TASK REQUIREMENTS: The expected output is an exact copy of each line from the line with "The Illa Sveva" through the end of the data below, with no pictures in it.

THE DATA:
* * * * * * * * *

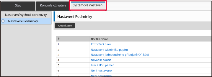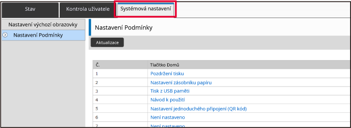 Některá nastavení mohou vyžadovat, abyste po kliknutí na [Nastavení výchozí obrazovky] zadali své uživatelské heslo. Pokud jste neprovedli ověření uživatele, musíte zadat heslo administrátora.
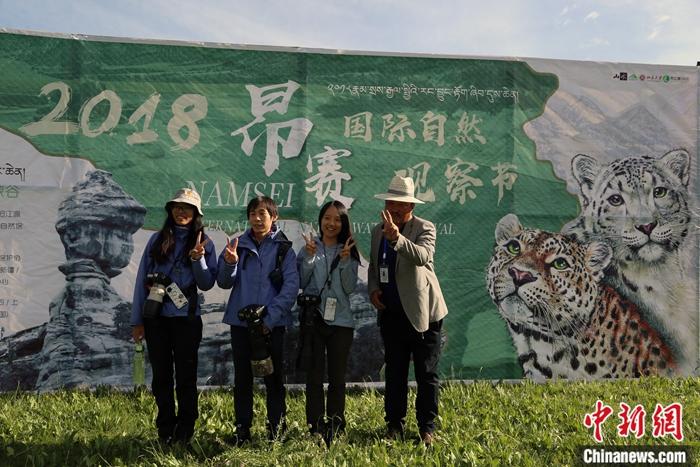圖為2018年昂賽國際自然觀察節上自然觀察愛好者與牧民合影。(資料圖片)中新社記者 羅云鵬 攝
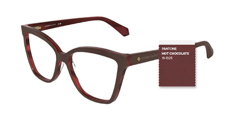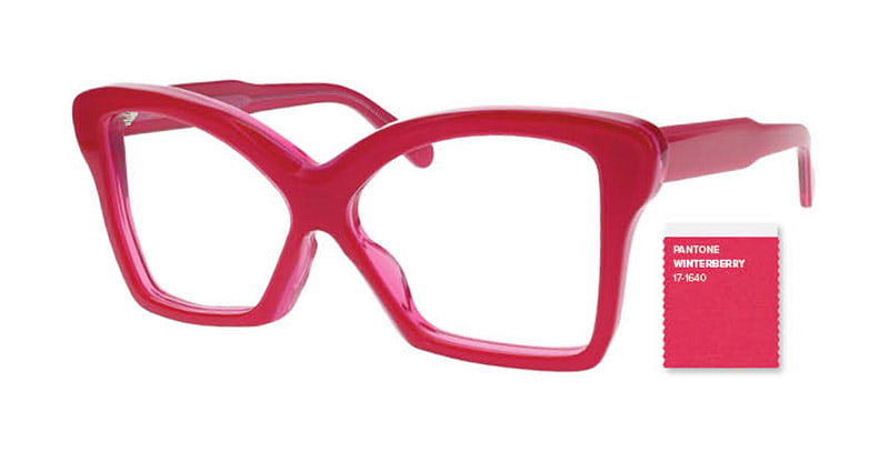 The Illa Sveva style from ClearVision Optical in fuchsia laminate is a showstopping take on the Winterberry hue, which Pantone shares “ignites the senses.”
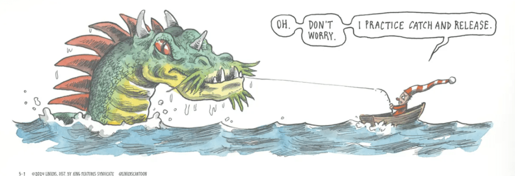 … Mark comments: “This is one of the only comics I have seen where the four-fingered cartoon hands were used as part of the joke. But what if he had needed a nine-iron?“

* * * * * * * * *

ANSWER TO THIS PROBLEM:
 The Illa Sveva style from ClearVision Optical in fuchsia laminate is a showstopping take on the Winterberry hue, which Pantone shares “ignites the senses.”
 … Mark comments: “This is one of the only comics I have seen where the four-fingered cartoon hands were used as part of the joke. But what if he had needed a nine-iron?“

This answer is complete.